▶ **DATA SUPPLIED**

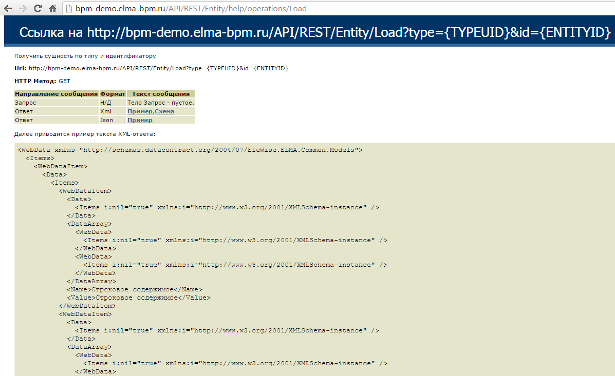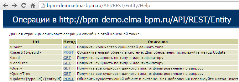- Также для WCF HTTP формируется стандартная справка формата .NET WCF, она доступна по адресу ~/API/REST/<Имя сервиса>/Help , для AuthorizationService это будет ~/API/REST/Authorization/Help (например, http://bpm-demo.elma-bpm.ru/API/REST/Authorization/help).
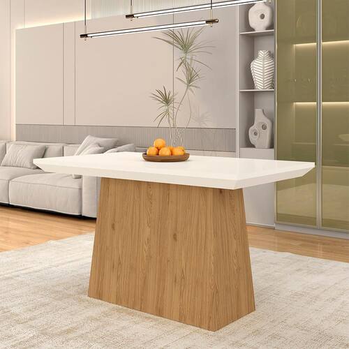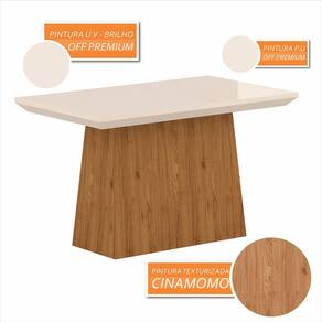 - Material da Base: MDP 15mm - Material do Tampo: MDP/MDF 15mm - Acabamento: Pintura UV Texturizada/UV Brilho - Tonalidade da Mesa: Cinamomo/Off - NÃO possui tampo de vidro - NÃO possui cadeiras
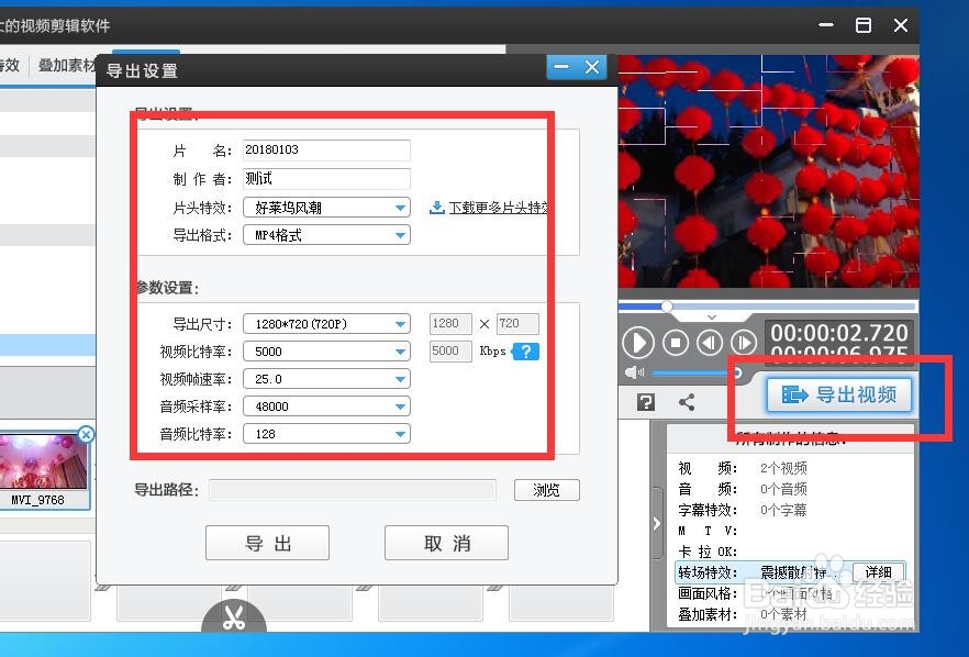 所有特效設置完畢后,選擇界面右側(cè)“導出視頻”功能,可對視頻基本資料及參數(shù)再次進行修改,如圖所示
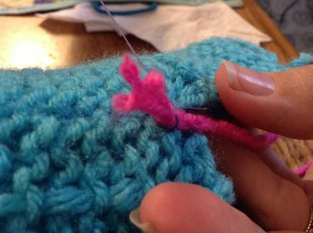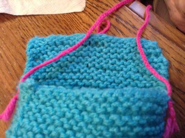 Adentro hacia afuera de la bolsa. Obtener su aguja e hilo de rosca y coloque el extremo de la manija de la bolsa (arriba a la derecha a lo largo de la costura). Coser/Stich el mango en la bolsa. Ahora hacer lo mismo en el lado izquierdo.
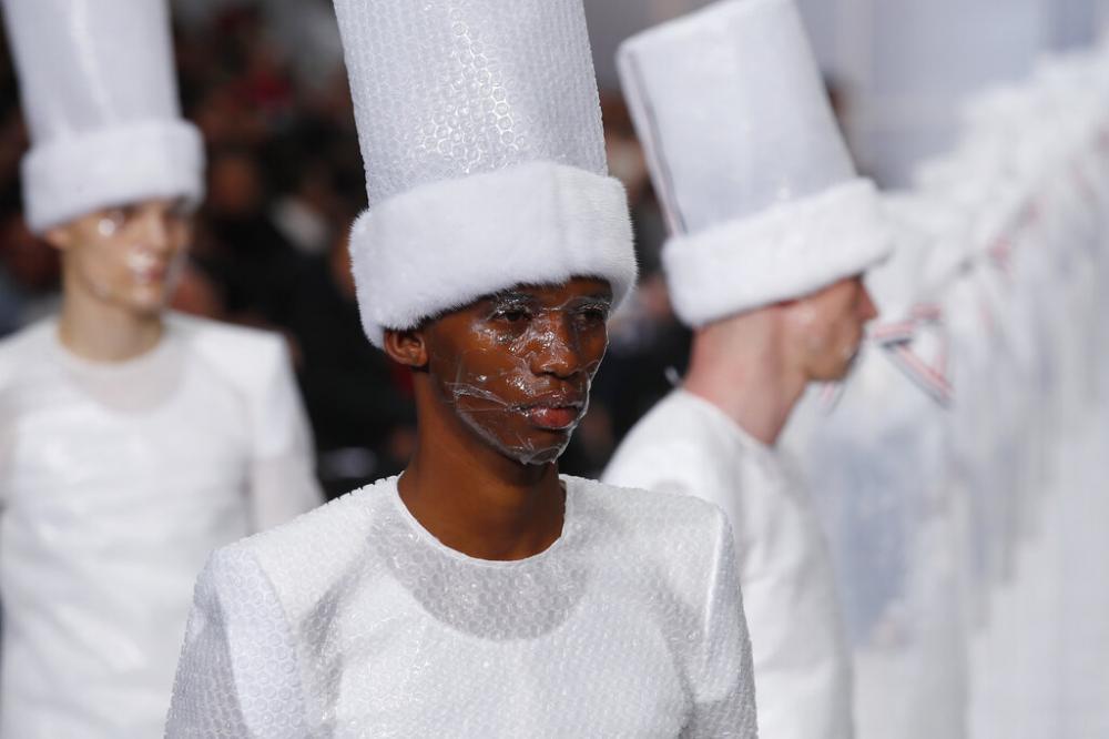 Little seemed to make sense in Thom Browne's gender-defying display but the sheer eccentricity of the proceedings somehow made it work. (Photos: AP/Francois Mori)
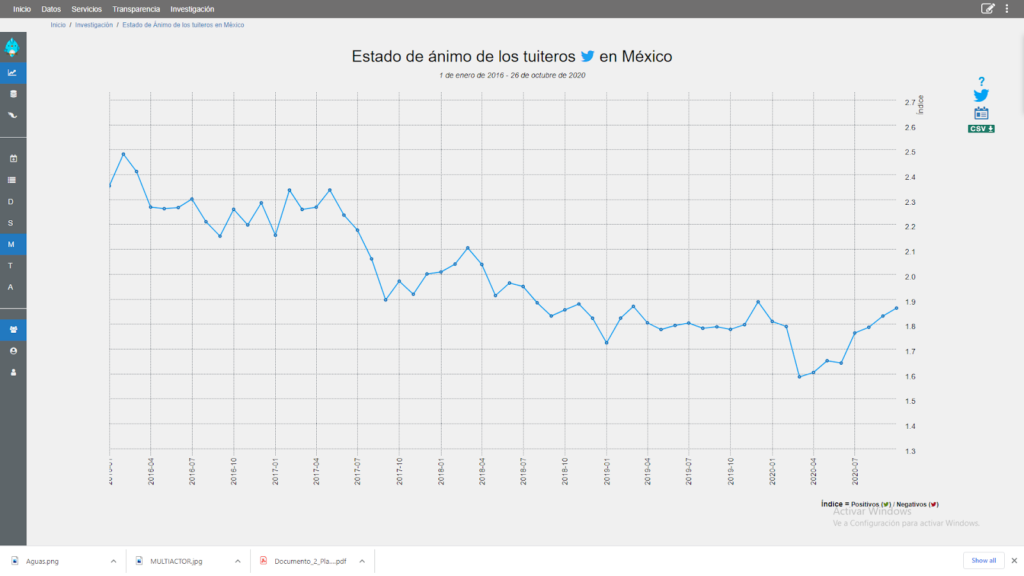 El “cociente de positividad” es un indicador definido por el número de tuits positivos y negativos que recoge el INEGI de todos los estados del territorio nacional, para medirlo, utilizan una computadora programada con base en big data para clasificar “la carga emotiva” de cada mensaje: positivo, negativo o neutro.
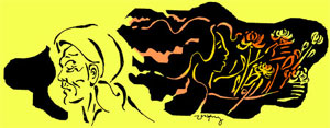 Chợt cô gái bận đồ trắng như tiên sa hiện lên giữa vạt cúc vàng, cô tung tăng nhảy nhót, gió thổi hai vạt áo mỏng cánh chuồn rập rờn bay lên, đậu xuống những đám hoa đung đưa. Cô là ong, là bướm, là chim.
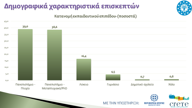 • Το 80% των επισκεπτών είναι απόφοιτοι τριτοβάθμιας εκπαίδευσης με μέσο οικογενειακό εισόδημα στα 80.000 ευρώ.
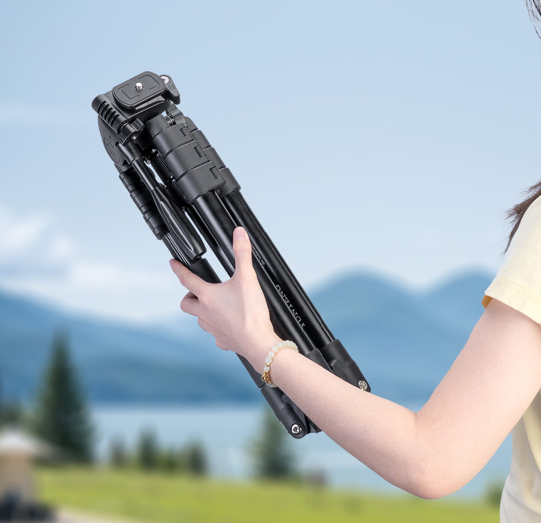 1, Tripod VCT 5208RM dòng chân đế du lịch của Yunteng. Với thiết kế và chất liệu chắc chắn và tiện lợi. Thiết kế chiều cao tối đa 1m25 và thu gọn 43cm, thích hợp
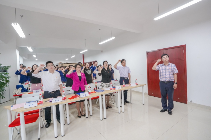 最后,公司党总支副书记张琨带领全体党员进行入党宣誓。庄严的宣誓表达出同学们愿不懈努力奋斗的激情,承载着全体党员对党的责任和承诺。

▶ **PROBLEM DESCRIPTION**
Only the lines between the one containing "Little seemed to" and the last line of the listing above, both included, should be written out, exactly and without pictures.

▶ **ANSWER TO THE PROBLEM**
 Little seemed to make sense in Thom Browne's gender-defying display but the sheer eccentricity of the proceedings somehow made it work. (Photos: AP/Francois Mori)
 El “cociente de positividad” es un indicador definido por el número de tuits positivos y negativos que recoge el INEGI de todos los estados del territorio nacional, para medirlo, utilizan una computadora programada con base en big data para clasificar “la carga emotiva” de cada mensaje: positivo, negativo o neutro.
 Chợt cô gái bận đồ trắng như tiên sa hiện lên giữa vạt cúc vàng, cô tung tăng nhảy nhót, gió thổi hai vạt áo mỏng cánh chuồn rập rờn bay lên, đậu xuống những đám hoa đung đưa. Cô là ong, là bướm, là chim.
 • Το 80% των επισκεπτών είναι απόφοιτοι τριτοβάθμιας εκπαίδευσης με μέσο οικογενειακό εισόδημα στα 80.000 ευρώ.
 1, Tripod VCT 5208RM dòng chân đế du lịch của Yunteng. Với thiết kế và chất liệu chắc chắn và tiện lợi. Thiết kế chiều cao tối đa 1m25 và thu gọn 43cm, thích hợp
 最后,公司党总支副书记张琨带领全体党员进行入党宣誓。庄严的宣誓表达出同学们愿不懈努力奋斗的激情,承载着全体党员对党的责任和承诺。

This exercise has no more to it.